• **GOAL OF THE EXERCISE**
Nothing outside the range is to be copied. From the entries below, reproduce exactly the lines starting at the one with "This yarn is" and ending at the one with "12日上午,大眾網東營論壇網", without pictures.

• **MATERIALS PROVIDED**

BEGIN

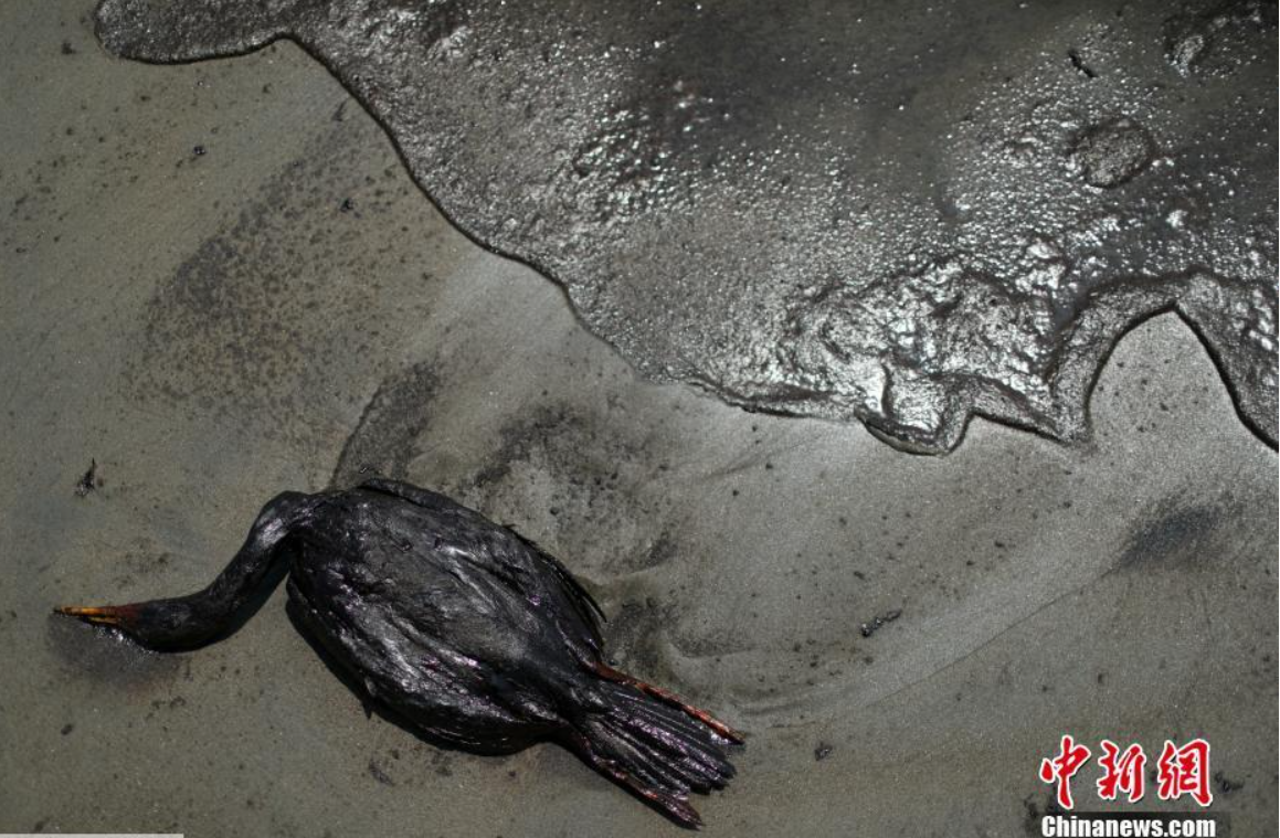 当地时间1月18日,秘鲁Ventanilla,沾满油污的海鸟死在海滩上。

END
BEGIN

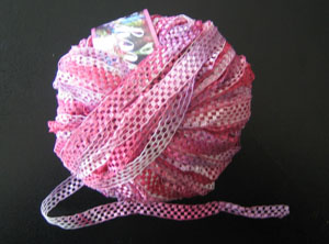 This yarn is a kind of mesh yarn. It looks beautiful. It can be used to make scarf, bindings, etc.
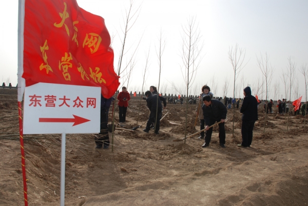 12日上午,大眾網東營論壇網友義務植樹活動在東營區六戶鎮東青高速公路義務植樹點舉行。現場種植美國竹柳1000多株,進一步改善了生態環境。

END
BEGIN

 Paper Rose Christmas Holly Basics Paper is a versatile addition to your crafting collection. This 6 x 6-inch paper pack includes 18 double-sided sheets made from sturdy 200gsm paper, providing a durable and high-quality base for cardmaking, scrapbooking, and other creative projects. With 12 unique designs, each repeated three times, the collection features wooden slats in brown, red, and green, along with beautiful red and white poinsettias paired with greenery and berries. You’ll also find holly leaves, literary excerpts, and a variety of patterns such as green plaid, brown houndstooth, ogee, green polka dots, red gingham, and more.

END

• **THE COMPLETED TASK**
 This yarn is a kind of mesh yarn. It looks beautiful. It can be used to make scarf, bindings, etc.
 12日上午,大眾網東營論壇網友義務植樹活動在東營區六戶鎮東青高速公路義務植樹點舉行。現場種植美國竹柳1000多株,進一步改善了生態環境。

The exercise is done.